La cristología posterior a Calcedonia absolutizó el modelo
calcedonense; es más, la cristología tradicional está caracterizada por una tendencia hacia una ontología de Cristo, separada de la soteriología y hacia un acercamiento "descendente", separado del complemento necesario de una perspectiva "ascendente". 2.2 Para una renovación de la cristología
a) El aspecto histórico
Este es el primer aspecto que debemos recuperar y combinar con el
ontológico. La entrada personal de Dios en la historia y de su designio salvífico en Jesucristo. La historia de Jesús de Nazaret ha de ser descubierta como la autocomunicación de Dios al hombre. La verdadera transformación realizada en la humanidad de Jesús al pasar del estado kenótico al estado glorioso en su resurrección nos lleva a considerar su "psicología humana", su conciencia y voluntad, sus acciones y actitudes. No se puede amenazar la realidad de la verdadera humanidad de Jesús invocando el principio de las "perfecciones absolutas" o la noción abstracta de una naturaleza humana completa e integral.
b) El aspecto personal y trinitario
Jesucristo no es un Dios-hombre, sino el Hijo de Dios hecho
hombre.

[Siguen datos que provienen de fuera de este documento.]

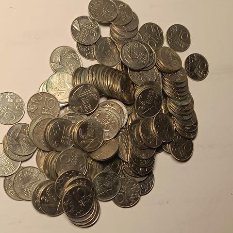 50 pennin kolikoita 1990-luvulta
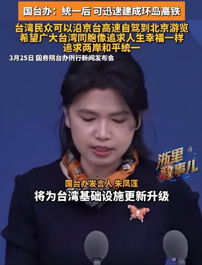 3 月 25 日国台办发布会明确:和平统一后,大陆将全力支持台湾基础设施升级,环岛高铁、东西向高速、海峡快速通道通通安排上,最让人热血沸腾的是 ——未来可沿京台高速,从台湾自驾直达北京!
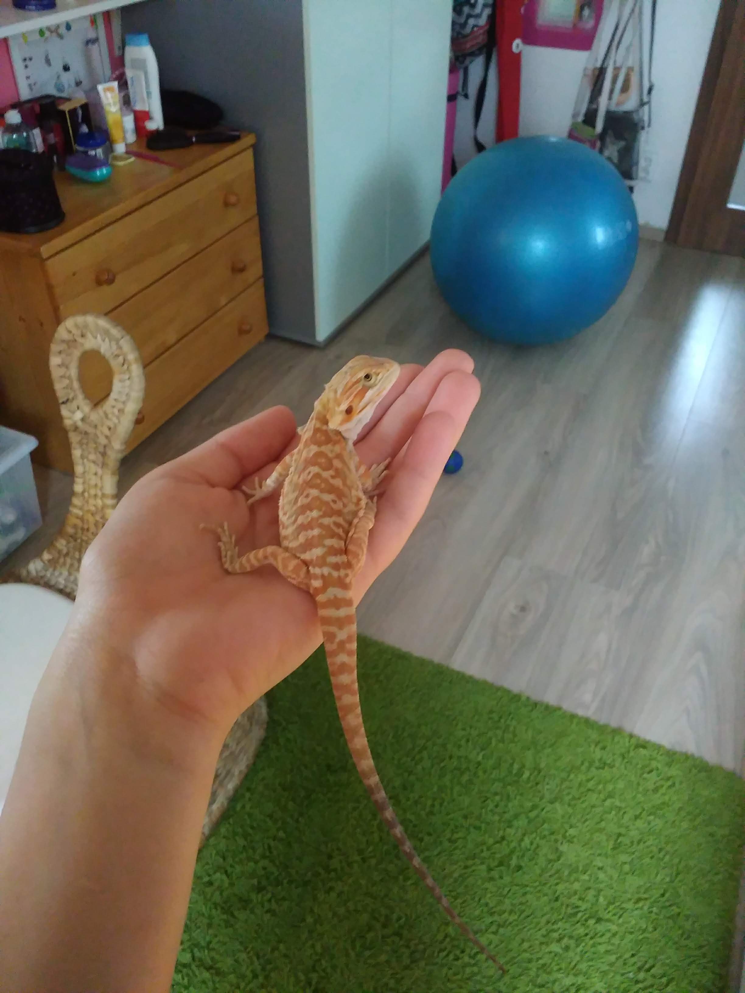 Mám 5 měsíční agamu vousatou mám ji už 3 měsíce (do teď bylo vše v pořádku) a do teď bylo vše ok, ale asi od minulého týdne přestává být tak aktivní (ráno vyleze z úkrytu nají se zeleniny a za leze zpátky) když ji chci nakrmit cvrčky nechce. Ale když ji vyndám z terárka tak pp pokoji běhá úplně v pořádku. Každý měsíc ji měřím a vážím, ale roste strašně pomalu (např: teď by měla mít 30cm a má 24cm jako 4 měsíční mládě) Podmínky v terárku by měli být v pořádku.
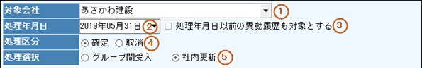 3.処理年月日以前に変更された異動履歴も更新の対象とする場合、チェックします。
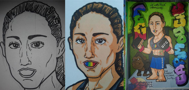 Je commence tout d’abord par choisir qui je vais dessiner. Si je n’ai pas d’idées précises, je regarde des magazines, sur le net. Puis, je me dis OK, je vais dessiner telle ou telle personne. Je commence toujours pas du crayon à papier puis dès que le croquis est fini, je commence en noir. Ensuite, je gomme mes traits et je commence avec mes couleurs aux marqueurs. Pour les idées, j’aime vraiment m’inspirer du combattant, chercher des détails de sa vie, ses passions, de son pays d’origine… Après, je laisse la magie s’opérer… ou pas 😉
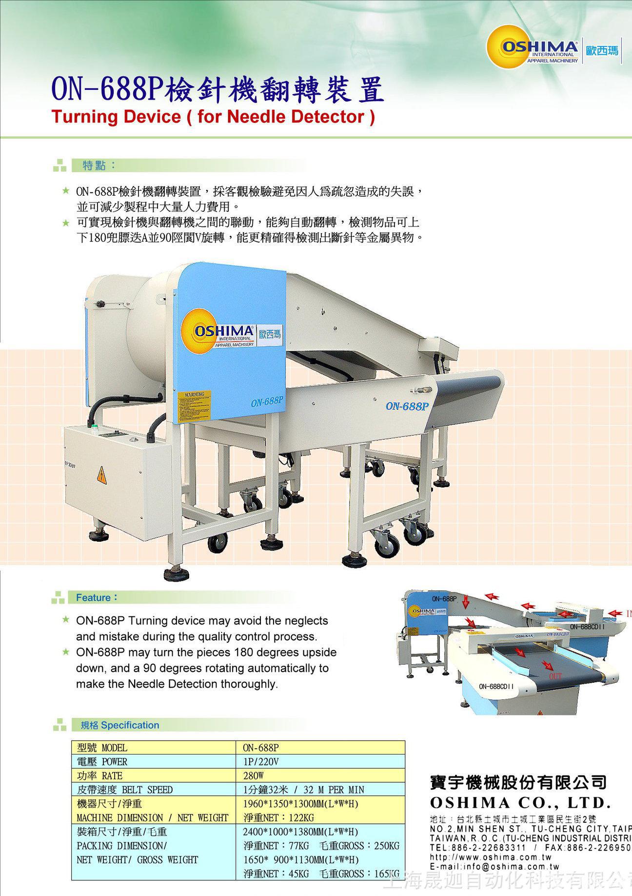 • on-688p檢針機翻轉裝置,采客觀檢驗避免因人為疏忽造成的失誤,并可減少制程中大量人力費用。

Esto significa evidenciar más la dimensión trinitaria del misterio. El carácter único de la relación interpersonal del Hijo con el Padre, experimentada por el hombre Jesús, expresa la realidad concreta del misterio de la "unión hipostática". La relación personal intratrinitaria del Hijo con el Padre se "humaniza" en Jesús y fue experimentada por él como hombre. La cristología es inseparable del misterio trinitario.
c) El aspecto soteriológico
Tampoco la cristología puede estar separada de la soteriología. El
motivo soteriológico necesita reintegrarse en la cristología en su forma personal, a modo de "intercambio maravilloso" gracias al cual el Hijo de Dios compartió nuestra humanidad "pecadora" para hacemos partícipes de su misma filiación con el Padre.
d) El dinamismo de la fe
La cristología del Nuevo Testamento se desarrolló, bajo el impulso de la
fe, desde la cristología funcional del kerigma primitivo hacia la ontológica de los escritos posteriores. Esto testifica la necesaria complementariedad e interacción entre una cristología “desde abajo” y una cristología “desde arriba”. Solo así es posible tener en un "acercamiento integral", los distintos aspectos del misterio de Jesucristo, que seguirá estando siempre más allá de la plena comprensión humana.